Foxx’s Curtis Taylor Jr., modeled after Motown founder Berry Gordy, represents
the latter.
+ Like Chicago,
this made me forget I didn’t like musicals. Hudson is already famous for this,
her debut role, and her character is the one who goes through the most changes
and whose vocals must carry the greatest emotional weight. Besides Hudson’s
Effie, the most compelling character is Eddie Murphy’s, playing a singer whose
career is revitalized when he signs with Taylor’s label. Murphy shows none of
the mannerisms of his comedy roles and with his singing atones for his big bad
hit single “Party All the Time.” The music includes both “period” songs
incorporated into the story, the best of which I found to be the ersatz Motown
ones from the first half of the film, and the burst-into-song numbers that
sound like a soulful take on traditional Broadway show tunes. That all of the
music (not the lyrics) was written by Henry Krieger is impressive given this
stylistic range.
- Chicago
screenwriter Bill Condon has the directing chores here too, and he’s certainly
competent, but the film lacks the visual panache that Rob Marshall gave to that
musical. Moreover, whereas Chicago was essentially finely polished
fluff, Dreamgirls is a movie that’s meant to seem realistic despite
being a musical. Given that, I thought that a couple of the characters,
especially Effie, seemed to have personality shifts that seemed jarring. The
performances and the music definitely fill in some of these gaps, but they’re
still there, mostly in the 1960s scenes. And the music snob in me compels the
minor complaint that most of the “early 1960s” songs sounded a few years ahead
of their time. An admittedly funny scene goes the opposite way: a white group
does a bland cover version to prevent the more soulful original from charting.
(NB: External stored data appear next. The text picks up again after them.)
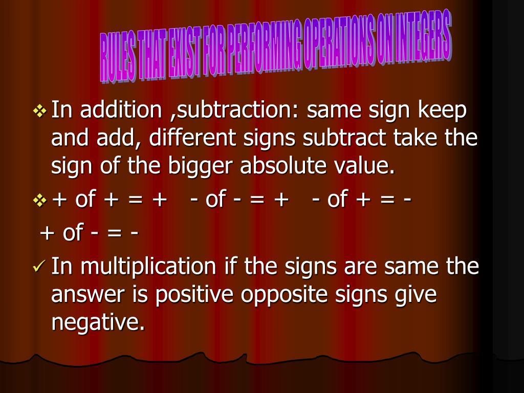 RULES THAT EXIST FOR PERFORMING OPERATIONS ON INTEGERS • In addition ,subtraction: same sign keep and add, different signs subtract take the sign of the bigger absolute value. • + of + = + - of - = + - of + = - + of - = - • In multiplication if the signs are same the answer is positive opposite signs give negative.
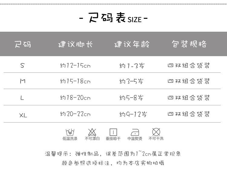 S (recommended foot length 12-15cm), M (recommended foot length 15-18cm), L (recommended foot length 18-20cm),...
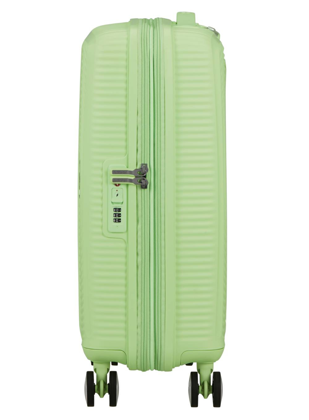 Mała poszerzana walizka Soundbox American Tourister to wytrzymały model wykonany w całości z mocnego polipropylenu. Żłobiona faktura zewnętrznej powłoki prezentuje się bardzo elegancko i nowocześnie. Osadzona na 4 obrotowych kółkach sprawia, że poruszanie się z nią nie będzie stanowiło żadnego wyzwania.
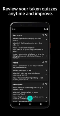 One of the main features of this application is its quizzes. These quizzes are designed to challenge users and test their mastery of vocabulary. By taking these quizzes, users can not only assess their own skills, but also improve them by learning new words and their meanings.
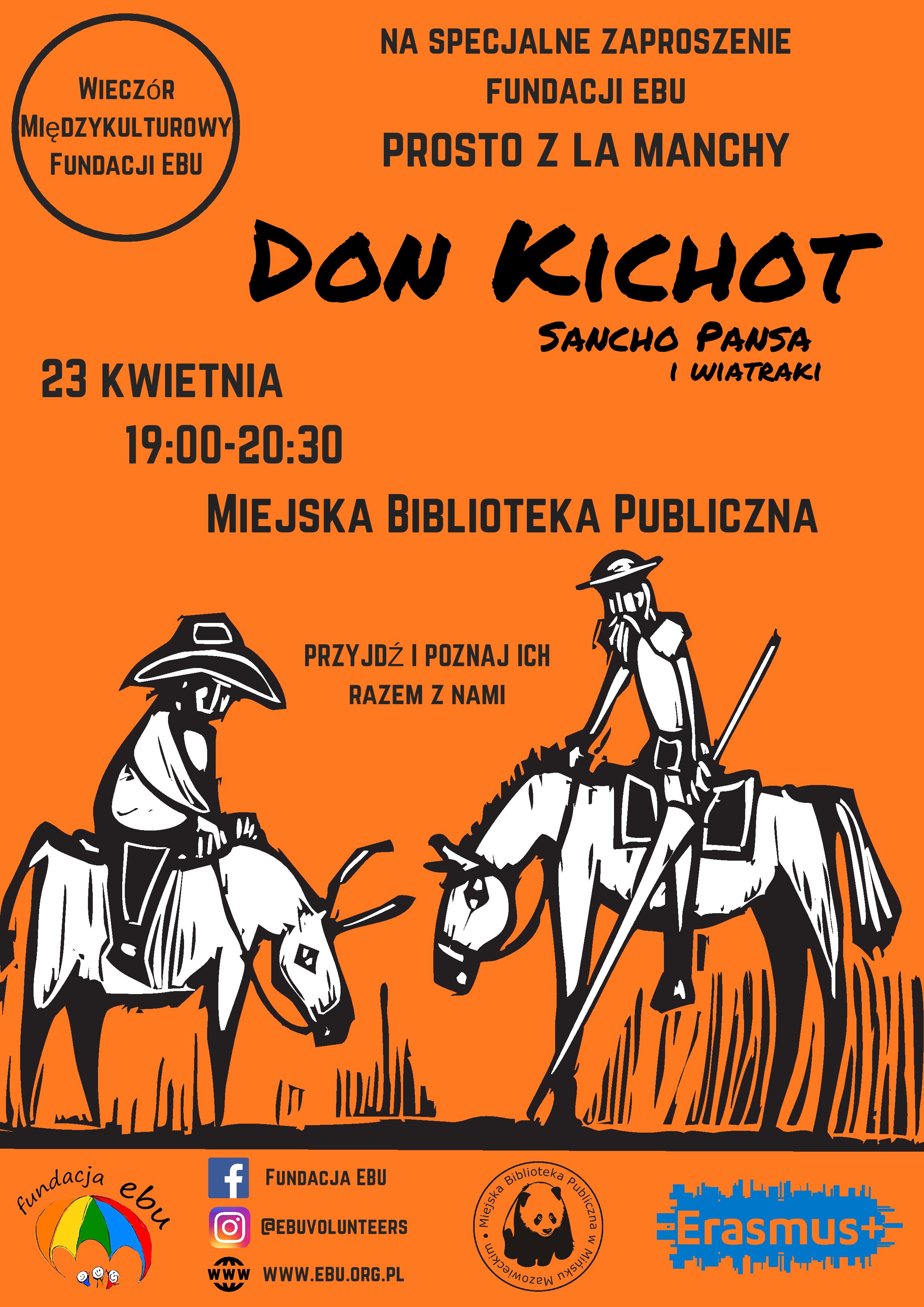 Już w najbliższy poniedziałek, 23 kwietnia, o godzinie 19:00, do Miejskiej Biblioteki Publicznej zawita nikt inny jak tylko… DON KICHOT! Możecie wierzyć lub nie, śmiać się lub dziwić, albo… przyjść na jedyne i niepowtarzalne z nim spotkanie! Jeśli chcecie poznać go osobiście, odkryć ciekawostki architektoniczne na temat wiatraków, z którymi walczył, spróbować porozmawiać z nim oryginalnymi dialogami czy skosztować przekąsek, którymi raczył się w czasie swych podróży, to zapraszamy serdecznie 23.04.18r. do MBP o godz. 19:00 – 20:30 na wieczór międzykulturowy organizowany przez wolontariuszy Fundacji EBU. Do zobaczenia! Adiós!
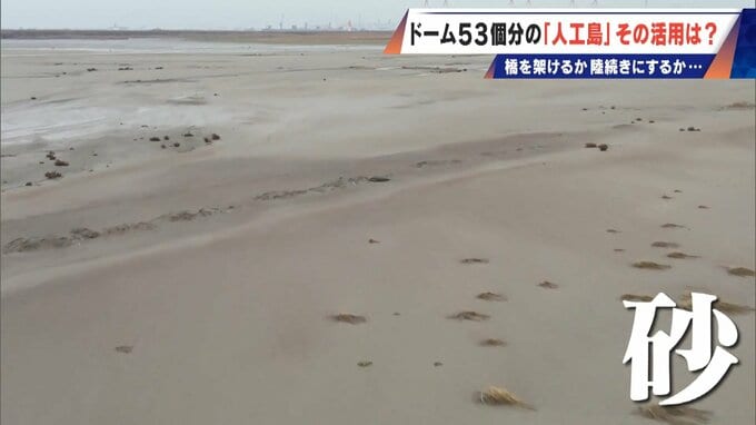 頂上から見えたのは、見渡す限りの砂地。ここには、5000万立方メートルもの土砂が埋め立てられています。
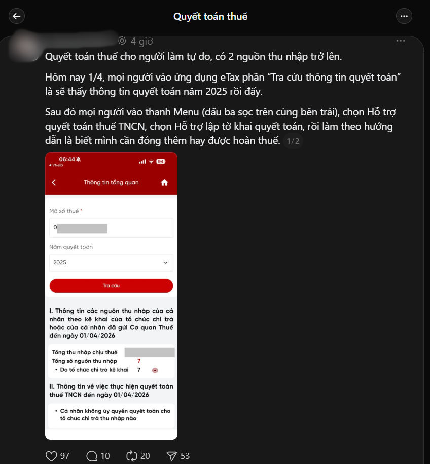 Hôm nay 1/4 là 1 ngày sôi động của thuế trên MXH khi mọi người không ngừng chia sẻ về một ứng dụng quan trọng. Điển hình như trên Threads, rất nhiều bài viết chia sẻ "Hướng dẫn quyết toán thuế TNCN", “Cách hoàn thuế lên tới vài triệu đồng”... được lan tỏa rộng rãi. Theo đó, dân tình liền ùn ùn rủ nhau kiểm tra tình trạng thuế của mình.
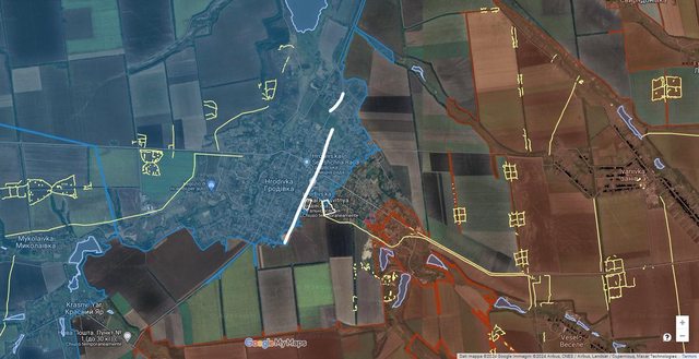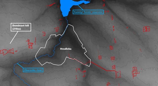 在 Hrodivka 本身,白線代表下一條堅強的後備
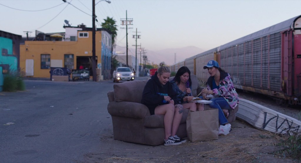 The film begins with Bella Cherry (Kappel) emigrating to the US from Sweden and arriving in Los Angeles with dreams of porn stardom. She dives right in and does a simple “boy-girl” scene, and it’s here where Thyberg establishes the film’s voice. The scene takes place in a sketchy back office styled with a “casting couch” – a big enough red flag for most – and the porno is shot POV-style, a smart choice to bring us into the world that Thyberg wishes to portray.
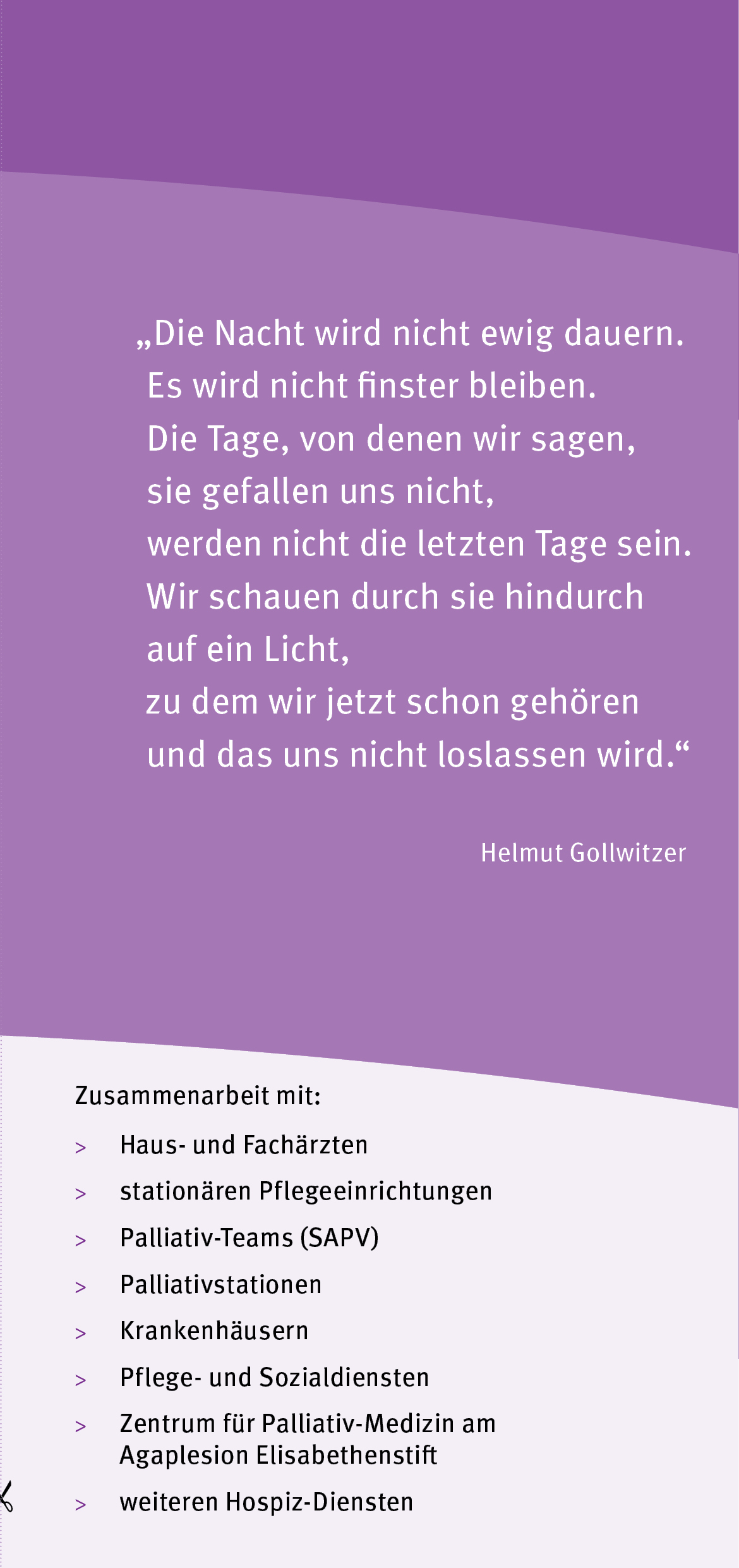 Wir fühlen uns als Teil der diakonischen Familie und wollen in dieser Gesellschaft unseren Auftrag zur Nächstenliebe in Wort und Tat wahrnehmen. Wir wollen helfen! Dabei, wenn Menschen sich schwach fühlen. Wir wollen sie ernst nehmen, für sie da sein und für ihre bleibende Würde eintreten. Dazu gehört auch das Benennen der Ursachen von sozialer oder versorgungsbezogener Not gegenüber Politik und Gesellschaft. Dabei wirken wir gemeinsam als Teil der Hospizbewegung durch die Förderung hospizlichen Denkens und Handelns für ein humanes Gesundheitswesen.

Although this was done often in the 1950s, the practice had declined, and the
performance in the movie would have already seemed dated by the time the scene
takes place. I’m being picky, but a movie like Ray did just a little
better job of portraying the music business.
= ***1/4 The movie
contains some dramatic lapses that would be more noticeable in a non-musical,
but the performances (musical and dramatic) are on the whole tremendously
entertaining, even touching. At over two hours, the movie still goes by quick.